Милена, 7 лет, ученица 1 класса школы №15. Запись от 24 апреля 2001:   
- Ненавижу школу! Вероника Михайловна очень злая. Она бьёт нас указкой. Меня ударила один раз. Я пожаловалась маме. И тогда она пришла поговорить с Вероникой Милайловной. Та ей сказала, что ничего подобного не было. Я сама всё выдумала. Но это неправда! Она меня ударила! Что? Да. После уроков я иногда сижу в классе у Боба. Жду на задней парте, когда он закончит. Делаю домашнюю работу. Вероника Михайловна нам много задаёт. Меня тошнит от школы!

  Её много от чего тошнило. Но в школе не было всё так плохо. Люди неплохие. А Эличке просто нужно расслабиться. Она классная девчонка. Прекрасно знала французский. Но её порой клинило оттого, что ей выпала ничтожная роль преподавать никому ненужный предмет.

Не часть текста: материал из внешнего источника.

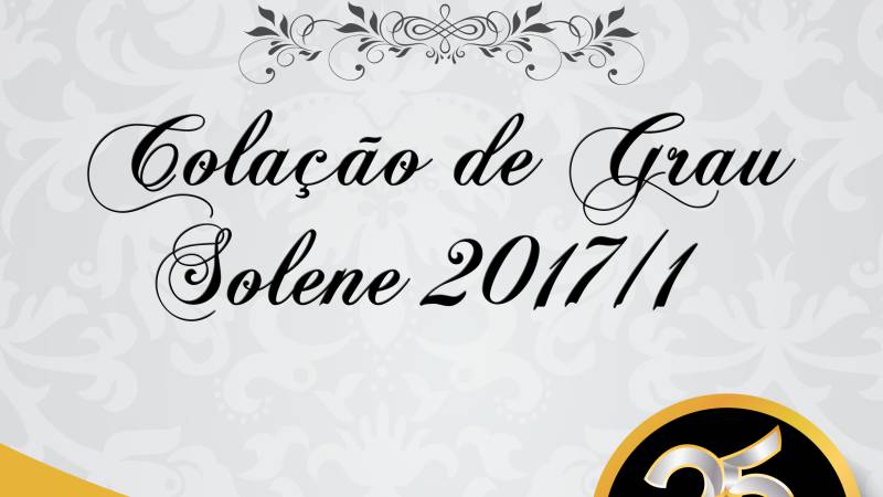 A colação de grau em gabinete para os formandos de 2017/1 acontecerá no dia 16 de agosto de 2017, às 09h, no auditório central da instituição.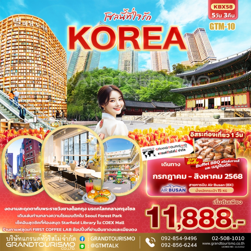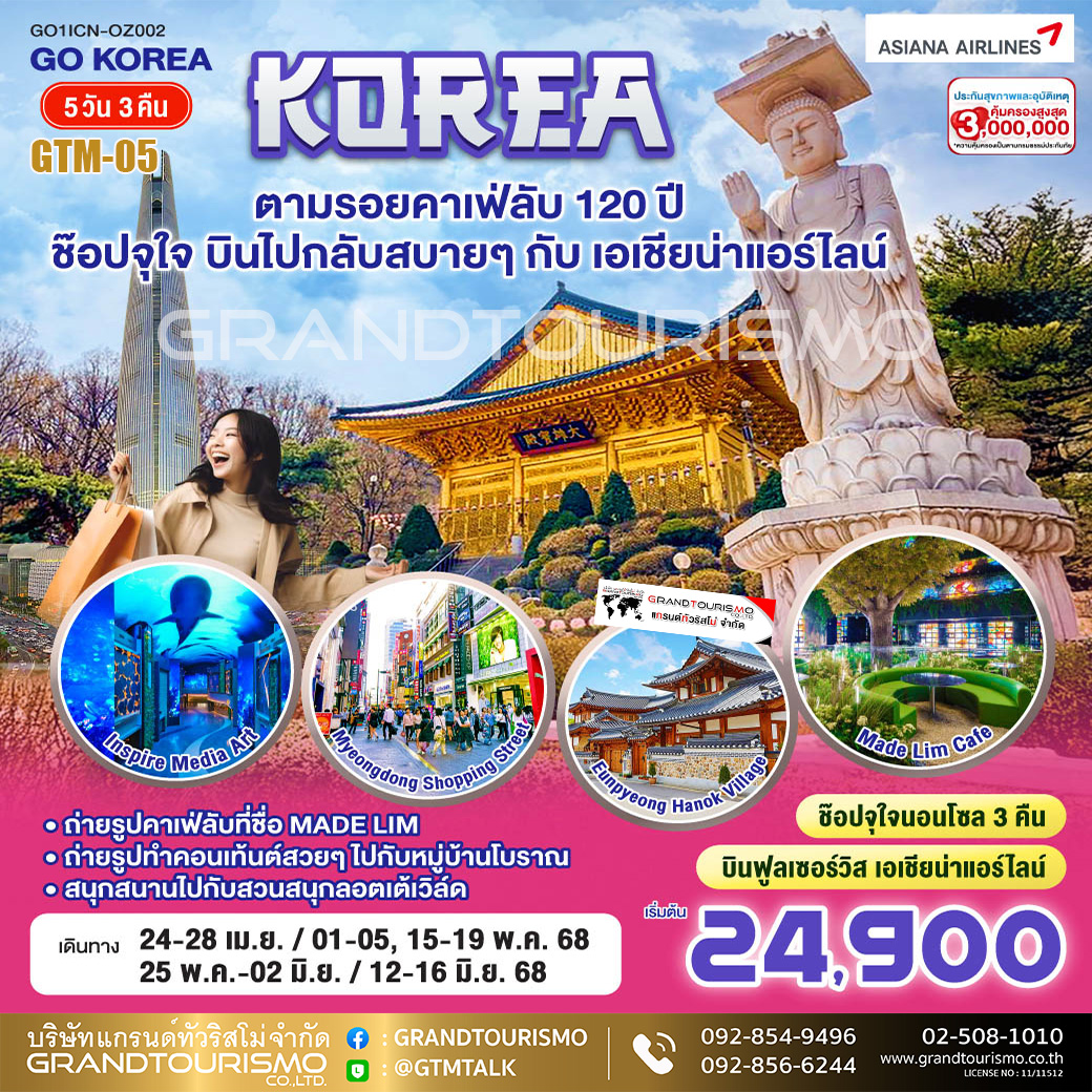 ทัวร์เกาหลี โซล เกาะนามิ เอเวอร์แลนด์ พระราชวังเคียงบกกุง หมู่บ้านโบราณบุกชอนฮันอก ฮงแด เมียงดง 5 วัน 3 คืน ก.ย.-ต.ค. 68

Элеонора Дронова, 24 года, учитель французского языка. Запись от 26 апреля 2001 года:
- Если честно, я очень рада, что Володя пришёл в эту школу. Теперь мне есть с кем поговорить. Я имею в виду поговорить откровенно. Потому что здесь постоянно чувствуешь себя скованной. Оттого, что ты должен вести себя так, как они. Сдержанно. Скромно. Упаси боже, если на урок придёшь в супердорогой одежде или не так накрасишься.  Молодых здесь не очень-то жалуют. А вот Володя понравился многим. Октябрина в нём души не чает. C’ est tout, mon enfant?
 
   Что касается Вероники Михайловны, учительницы начальных классов, то она, и правда, была стервой. Еще той.
- Милена примерная девочка. Но тихоней её не назовёшь, - отозвалась Вероника, восседая на своём коронном месте. – Вы, Владимир Леонидович, кем ей приходитесь? Если не секрет. Братом?
  Я бы тебя тоже кое о чём поспрашивал!
- Нет, - сухо ответил я. – Просто её родители – мои хорошие знакомые.
- На сколько мне известно, у Саниной только мама. А что с её отцом?
  Почему бы тебе не заткнуться на время? Я просто пришёл её забрать.
- Он в другом городе.
- А, понимаю. Развод родителей часто действует на психику ребёнка. Теперь неудивительно, о чём Санина постоянно думает во время уроков. 
  Вероника подошла к доске. Вынула из ведра мокрую тряпку и принялась её тщательно выжимать. И на её ведьмином лице тут же скорчилась гримаса отвращения. Будто тряпка пахла не сырым мелом, а гнилыми мухоморами. Самая натуральная ведьма! Выжимающая мухоморы.
- Вы, должно быть, любите детей, раз решили заняться учительством?
  Да, и я убью тебя, когда из неё выйду!
- Почему вы спрашиваете? Я, что, похож на плохого учителя?
- Не дерзите, молодой человек! Не выношу дерзости. – На её морщинистой худосочной шее вздулись вены. - Нет, напротив. Нашей школе нужны молодые учителя. У них обязательно в запасе какие-то новые методы. Время, знаете ли не стоит на месте. Это мы всё еще учим детей по-старому. Но советую вам, молодой человек, не слишком обольщаться. Не забывайте, что это мы вас всему научили.
  Например, бить указкой по голове учеников.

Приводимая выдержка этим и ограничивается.